Texto elaborado pelas professoras do curso de Psicologia da Unijuí – DHE: Carolina Baldissera Gross e Janete Teresinha de Aquino Goulart.
Imagem: Reprodução da obra Filósofo em meditação, de RembrandtFreud (1929) aponta três grandes fontes de mal-estar, são elas: o corpo, fadado ao fracasso; o mal-estar inerentes às relações sociais e a impotência diante da força da natureza.
A situação que estamos vivendo, de pandemia, traz inúmeras consequências e modificações para as pessoas, famílias, trabalhadores, estudantes, cidadãos, nessas três dimensões: a fragilidade do corpo frente a um vírus com grande poder de transmissão e letalidade; o mal-estar vivenciado no laço social por fatores econômicos, afetivos e sociais; a limitação frente ao desconhecimento e o descontrole das ações humanas que ignoram a força da natureza em suas respostas ao maus tratos ao meio ambiente ou às “inabilidades” humanas.
Tal como entende-se no momento, a forma como cada sujeito irá vivenciar a pandemia é singular, e irá mobilizar os recursos psíquicos existentes, conscientes ou não, para interpretar a situação, e assim trabalhar e se reorganizar no enfrentamento.
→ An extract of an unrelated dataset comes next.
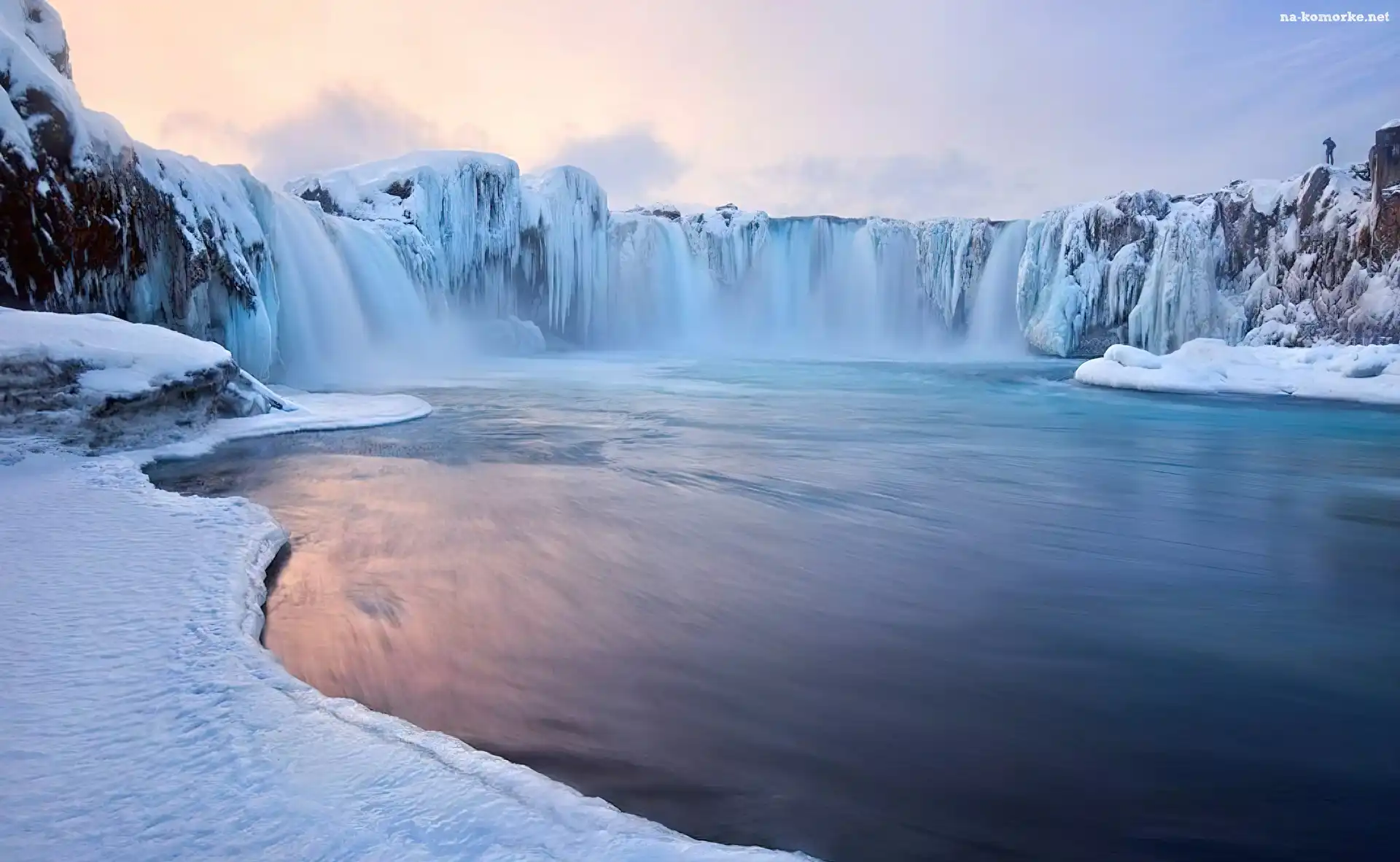 Śnieg, Rzeka, Wodospad Godafoss, Islandia, Zima na Komórkę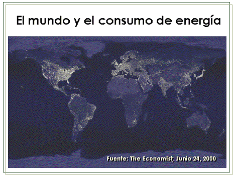 Para ejemplificar lo anterior y lo que se puede analizar consideremos la siguiente imagen que muestra al mundo de noche y se observa a los países con mayor consumo de energía. Si se compara esta imagen con la del apartado anterior, existe una correlación entre los países que consumen energía y los países que innovan, pues son prácticamente los mismos.

Isso inclui a vivência da angústia e do sofrimento, mas esses sentimentos/afetos são próprios de situações em que as pessoas se deparam com o desamparo – seja ele derivado de uma suspensão das bases até então vividas, seja pela falta de um ordenador social sólido. O desamparo, se prolongado, produz inseguranças e potencializa a ansiedade que dependendo da intensidade e duração podem alterar significativamente a qualidade de vida.
Neste contexto, algumas pessoas irão vivenciar o isolamento/distanciamento físico e social sem grandes problemas, ressaltamos, sem dispensar a angústia e algum tipo de sofrimento, mas suportando-os. Esse tempo poderá ser um tempo de atualização de projetos de vida, reflexão e ressignificação. No entanto, outras pessoas estarão mais suscetíveis aos sentimentos despertados pela situação. E isso tem relação com toda a história da pessoa, com a forma como esta pessoa vivenciou anteriormente situações de perdas e restrições, a forma como a pessoa se coloca em relação a individualidade e a coletividade, e/ou os laços sociais.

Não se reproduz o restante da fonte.